The part and support materials 66p and 66s of the layers 22p and 22s may be heated together with the heater 72 to substantially the same temperature, and the part and support materials 66p and 66s at the top surfaces of the 3D part 26p and support structure 26s may be heated together with heater 74 to substantially the same temperature. This allows the part layers 22p and the support layers 22s to be transfused together to the top surfaces of the 3D part 26p and the support structure 26s in a single transfusion step as the combined layer 22. An optional post-transfusion heater 76 may be provided downstream from nip roller 70 and upstream from air jets 78, and configured to heat the transfused layers 22 to an elevated temperature in a single post-fuse step.
As mentioned above, in some embodiments, prior to building the part 26 on the build platform 28, the build platform 28 and the nip roller 70 may be heated to their selected temperatures.
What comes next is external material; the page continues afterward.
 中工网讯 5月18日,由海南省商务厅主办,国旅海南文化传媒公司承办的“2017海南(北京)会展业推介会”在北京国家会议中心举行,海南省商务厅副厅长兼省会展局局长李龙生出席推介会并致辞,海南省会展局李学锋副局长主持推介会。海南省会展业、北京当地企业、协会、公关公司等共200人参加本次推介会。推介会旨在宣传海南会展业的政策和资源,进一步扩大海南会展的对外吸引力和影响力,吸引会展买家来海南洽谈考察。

For example, the build platform 28 may be heated to the average part temperature (e.g., bulk temperature) of 3D part 26p and support structure 26s. In comparison, the nip roller 70 may be heated to a desired transfer temperature or nip entrance temperature for the layers 22.
As further shown in
The continued rotation of the belt 24 and the movement of the build platform 28 align or register the heated layer 22 (e.g., combined image layer) with the heated top surfaces of 3D part 26p and support structure 26s with proper registration along the x-axis. The gantry 84 may continue to move the build platform 28 along the x-axis, at a rate that is synchronized with the rotational rate of the belt 24 in the feed direction 32 (i.e., the same directions and speed). This causes the rear surface 24b of the belt 24 to rotate around the nip roller 70 to nip the belt 24 and the heated layer 22 against the top surfaces of 3D part 26p and support structure 26s. This presses the heated layer 22 between the heated top surfaces of 3D part 26p and support structure 26s at the location of the nip roller 70, which at least partially transfuses the heated layer 22 to the top layers of 3D part 26p and support structure 26s.
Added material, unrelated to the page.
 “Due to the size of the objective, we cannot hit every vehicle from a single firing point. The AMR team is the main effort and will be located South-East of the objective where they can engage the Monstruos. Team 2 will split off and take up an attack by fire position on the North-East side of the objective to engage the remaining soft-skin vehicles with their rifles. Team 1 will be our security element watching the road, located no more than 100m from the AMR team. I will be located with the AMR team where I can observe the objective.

As the transfused layer 22 passes the nip of the nip roller 70, the belt 24 wraps around the nip roller 70 to separate and disengage from the build platform 28. This assists in releasing the transfused layer 22 from the belt 24, allowing the transfused layer 22 to remain adhered to 3D part 26p and support structure 26s. Maintaining the transfusion interface temperature at a transfer temperature that is higher than its glass transition temperature, but lower than its fusion temperature, allows the heated layer 22 to be hot enough to adhere to the 3D part 26p and support structure 26s, while also being cool enough to readily release from the belt 24. Additionally, as discussed above, the close melt rheologies of the part and support materials allow them to be transfused in the same step.
After release, the gantry 84 continues to move the build platform 28 along the x-axis to the post-transfusion heater 76. At optional post-transfusion heater 76, the top-most layers of 3D part 26p and the support structure 26s (including the transfused layer 22) may then be heated to at least the fusion temperature of the thermoplastic-based powder in a post-fuse or heat-setting step. This optionally heats the material of the transfused layer 22 to a highly fusible state such that polymer molecules of the transfused layer 22 quickly interdiffuse to achieve a high level of interfacial entanglement with 3D part 26p and support structure 26s.
Additionally, as the gantry 84 continues to move the build platform 28 along the x-axis past the post-transfusion heater 76 to the air jets 78, the air jets 78 blow cooling air towards the top layers of 3D part 26p and support structure 26s. This actively cools the transfused layer 22 down to the average part temperature, as discussed in Comb et al., U.S. Patent Application Publication Nos. 2013/0186549 and 2013/0186558.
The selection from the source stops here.